ProtectThreshold: To prevent the failure of too many instances from causing all traffic to flow into the remaining healthy instances and thus causing the remaining healthy instances to be crushed by the traffic pressure, resulting in avalanche effect. The health protection threshold should be defined as a floating point number between 0 and 1. When the ratio of domain name healthy instances to total service instances is smaller than the value, the domain name is returned to the client regardless of whether the instance is healthy or not. Doing so loses some traffic, but keeps the remaining healthy instances in the cluster working.

That is, the protection threshold is the minimum allowed percentage of healthy instances in a cluster.
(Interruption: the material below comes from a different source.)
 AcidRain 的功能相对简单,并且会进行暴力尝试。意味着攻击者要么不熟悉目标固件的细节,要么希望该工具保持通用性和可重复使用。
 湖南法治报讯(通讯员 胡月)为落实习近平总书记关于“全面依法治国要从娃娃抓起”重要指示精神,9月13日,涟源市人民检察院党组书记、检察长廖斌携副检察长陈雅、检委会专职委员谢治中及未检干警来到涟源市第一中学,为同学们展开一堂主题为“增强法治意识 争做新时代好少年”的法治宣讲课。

It needs to set a floating point value of 0-1. The default value is 0. The protection threshold can be queried and set in service details, as shown in the following figure:

How to understand the protection threshold?
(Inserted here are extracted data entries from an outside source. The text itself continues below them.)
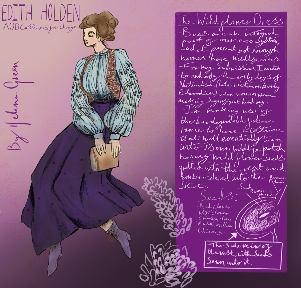 Helena Green is a second-year Costume and Performance Design student specialising in Design. Helena’s submission for the ‘Costume for Change’ competition is a costume with a purpose for good. Made from biodegradable fabric, the costume is inspired by naturalist and environmental painter Edith Holder from late Victorian/ early Edwardian period. The costume has a historical silhouette and is made from seed embedded ramie which will one day biodegrade, letting the seeds turn into wild flowers. The costume industry creates such waste but by using a fabric that biodegrades Helena wanted to show that the theatre industry can work with nature and still create amazing costumes.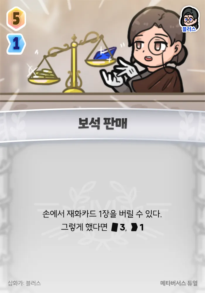 보석 판매 처럼 손의 카드를 늘려주는 카드로 많은 수의 재화카드를 가져오기… 등등 여러가지 방법으로 어떻게든 젬을 모아봅시다!
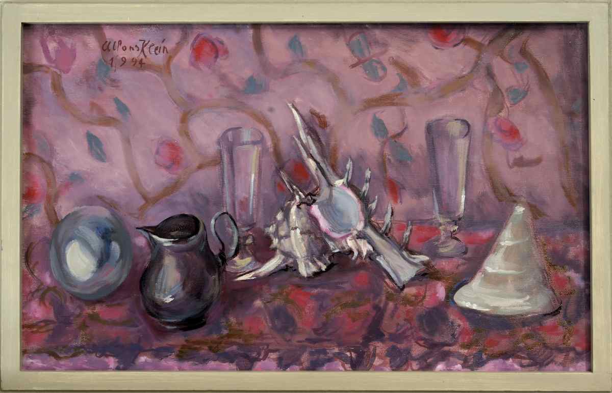 1994 Zwei Muscheln, Silberkugel, Silberkännchen und zwei Gläser (61x38) #245

To understand the protection threshold, one prerequisite is that Nacos has a natural responsibility for the registry function of the service Consumer to forward requests to a healthy service Provider. However, in an extreme case where a service has 100 instances, 99 of which go down and only one healthy instance is left, forwarding all requests to that one healthy instance can cause an avalanche and ultimately cause the business system to crash. To prevent this extreme situation, a “protection threshold” is created. Once triggered, Nacos will forward requests to all service instances, namely healthy + unhealthy instances, which may lose some traffic but keep the remaining healthy instances in the cluster working.

Protection threshold trigger condition :(actual health instance/total service instance) ≤ protection threshold

Set a protection threshold

We can set the protection threshold by “Edit Service”, as shown below:

Trigger protection threshold

Next, we will create a service to test the protection threshold functionality by adding two instances to the created service, as shown in the figure below: By default, all service instances are healthy. Next, we set the protection threshold to 0.8, which means the minimum requirement for healthy instances is 80%. If the proportion of healthy instances is less than this value, the protection threshold will be triggered, as shown in the figure below:When all nodes are healthy, observe the service list page and you can see that the protection threshold function is not triggered, as shown in the following figure:At this point we manually stop a service instance as shown below:The percentage of healthy instances decreases from 100% to 50%, which is less than the set protection threshold 0.8 (80%). Then return to the service list page, you can see that the protection threshold function is triggered:If we access the service again, we will see that part of the request will be forwarded to the non-healthy instance, that is, the access will fail, as shown in the following figure:

The protection threshold is not triggered. Procedure

Next, we lower the protection threshold and set it to 0.3, that is, 30% is the minimum proportion of healthy instances, otherwise threshold protection will be triggered, as shown in the figure below:At this time, because the proportion of our health instances is 50%, which is greater than the set threshold protection 0.3, threshold protection will not be triggered, which can be observed in the service list:When the protection threshold is not triggered, Nacos will forward all requests to the healthy instance, so that the service can be accessed normally each time, as shown in the following figure:

conclusion

The protection threshold is to prevent the failure of too many instances from causing all the traffic to flow into the remaining healthy instances and then causing the flow pressure to crush the remaining healthy instances, resulting in an avalanche effect. Its default value is 0, and the value should range from 0 to 1 floating point. This value is to define the cluster instance allows health accounted for more than the minimum value, if the actual health services accounted for less than or equal to this value, can trigger protection threshold, Nacos will replace all instances: health instance + unhealthy instances all returned to the caller, and when not trigger protection threshold, Nacos only healthy instance is returned to the caller.